When you think of the words "hydrogen highway," your mind tends to conjure up images of silent cars whizzing down the road in an environmentally friendly manner.
You don't think about trying to squeeze into a seat between a 300-pound man and a woman with 18 grocery bags. But this scenario might be more realistic.
CalStart, an alternative-transportation advocacy group, has signed five contracts with bus companies to develop and study fuel cells, as well as other components for making hydrogen buses. The $24 million project is partly underwritten by federal grants.
The SunLine Transit Agency in Coachella, Calif., for instance, plans to street-test a hydrogen bus being built by American Fuel Cell. The fuel cell in the car comes from UTC Power and lithium ion batteries. AC Transit in the Bay Area, meanwhile, will stress-test hydrogen buses with UTC to identify the weakest points in hydrogen drive trains. BAE Systems will develop a hydrogen-diesel hybrid.

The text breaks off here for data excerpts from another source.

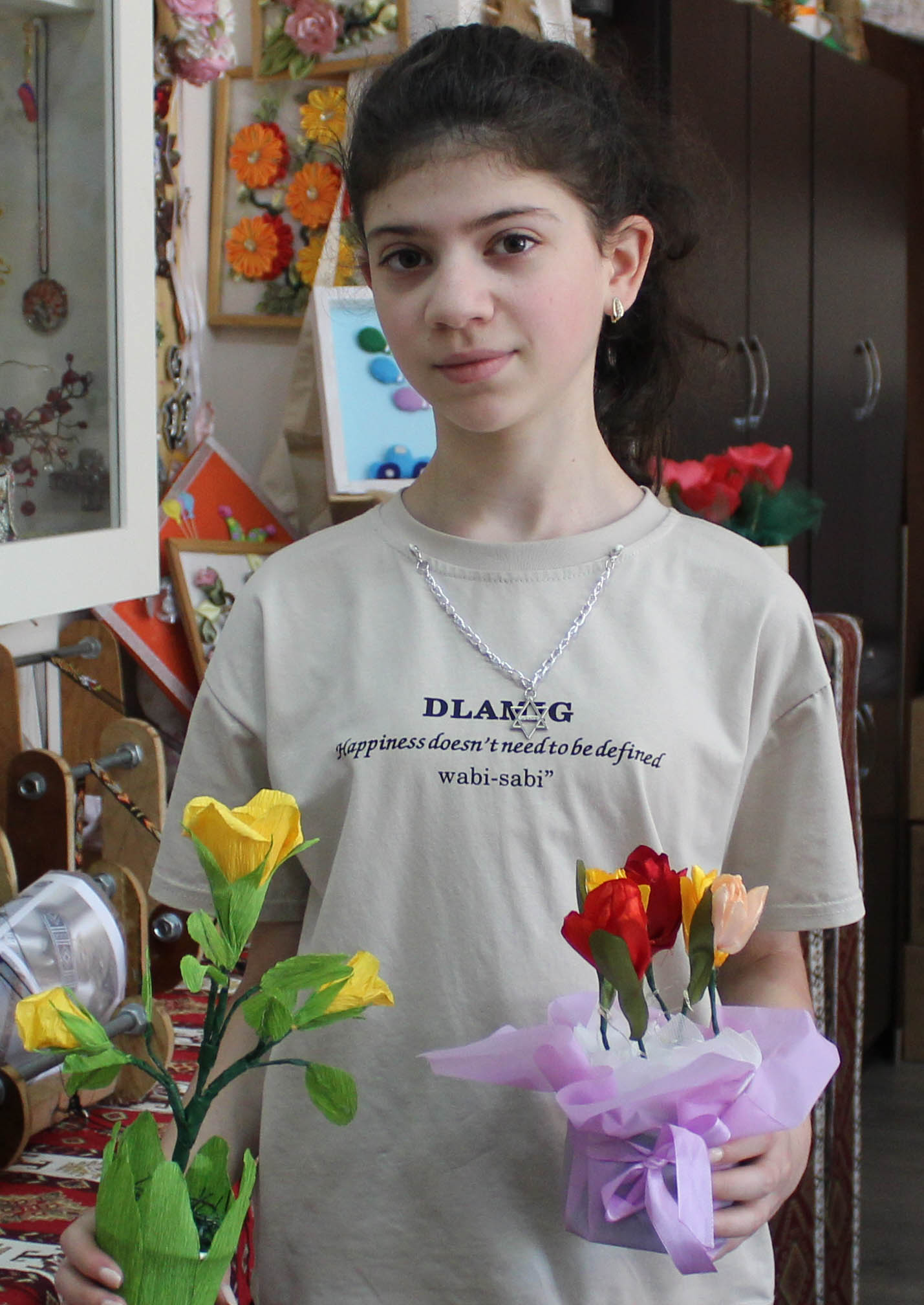 Eines der Mädchen, die regelmäßig in die DIY-Gruppe in Gyumri kommen, ist Nona (13).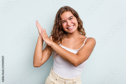 Young caucasian woman isolated on blue background feeling energetic and comfortable, rubbing hands confident.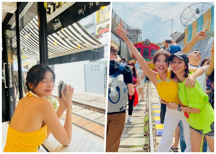 Cao Thái Hà rất thích thú khi ghé thăm khu chợ đường ray Maeklong nên đã cùng bạn bè thoải mái check-in, pose dáng xả láng sau đó vào một quán cafe ngồi ngắm cảnh và tận hưởng không khí náo nhiệt tại đây.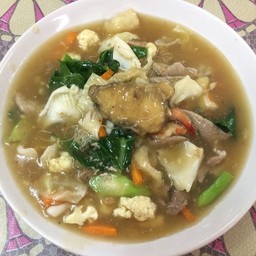 เหลือเชื่อจริงๆ ห้องแถวห้องเดียวแต่ขายเมนูเยอะมาก ที่ขึ้นชื่อของร้านก็คือ 🍜 ก๋วยเตี๋ยวต้มยำไข่มะตูม น้ำใสก็มีนะ 🍲 ก๋วยจั๊บหม้อดิน เมนูข้าวต่างๆ (ดูในรูปที่โพสต์) แถมหน้าร้านมีซุ้มขายเครื่องดื่มด้วย ชา กาแฟ อะไรประมาณนั้น มาว่ากันถึงก๋วยจั๊บหม้อดิน...... รสน้ำก๋วยจั๊บต้องให้ผ่านเลยแหละ เลือดที่ใส่มากัดแล้วยังกะเจลลี่เลย เด้งกรุบ เส้นก๋วยจั๊บเหนียวกำลังดี ไม่ยุ่ยเปื่อยดูเพิ่มเติม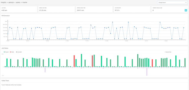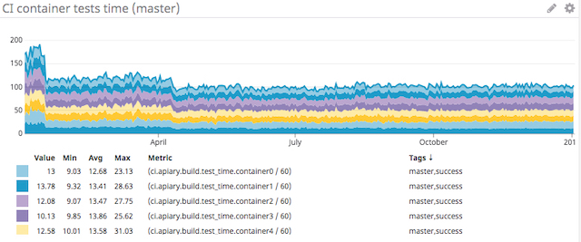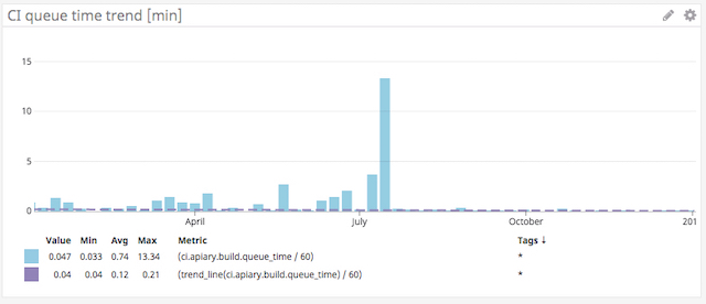 CircleCI does have its own metrics called Insights. They aren’t very helpful for making decisions, because you can only see the build times for the past 3 months, and it’s impossible to see the details or modify them for your specific use case.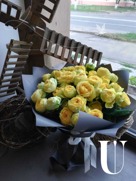 Кремовый монобукет из 19 роз сорта Талея в дизайнерской упаковке

Car manufacturers such as Toyota Motor, General Motors, and BMW have proven that hydrogen cars work. (Toyota and GM have fuel cell hydrogen cars. The fuel cells strip electrons from hydrogen molecules to power batteries. BMW, meanwhile, has a hydrogen combustion engine in which hydrogen is ignited in cylinders sort of like how gas is ignited today.) Check out our test drive of a hydrogen Mercedes here.
The tough part is the infrastructure. Hydrogen is expensive to make and difficult to transport, and few hydrogen stations exist. Some processes for producing hydrogen can also emit large amounts of greenhouse gases.
Buses can get around some of these problems. City buses drive a limited number of miles a day, and they typically don't drive very far from a maintenance station. Put a hydrogen-manufacturing station and pumps in a central location, and you could serve a city. Las Vegas is already trying this. (The University of California at Berkeley has a hydrogen station too.)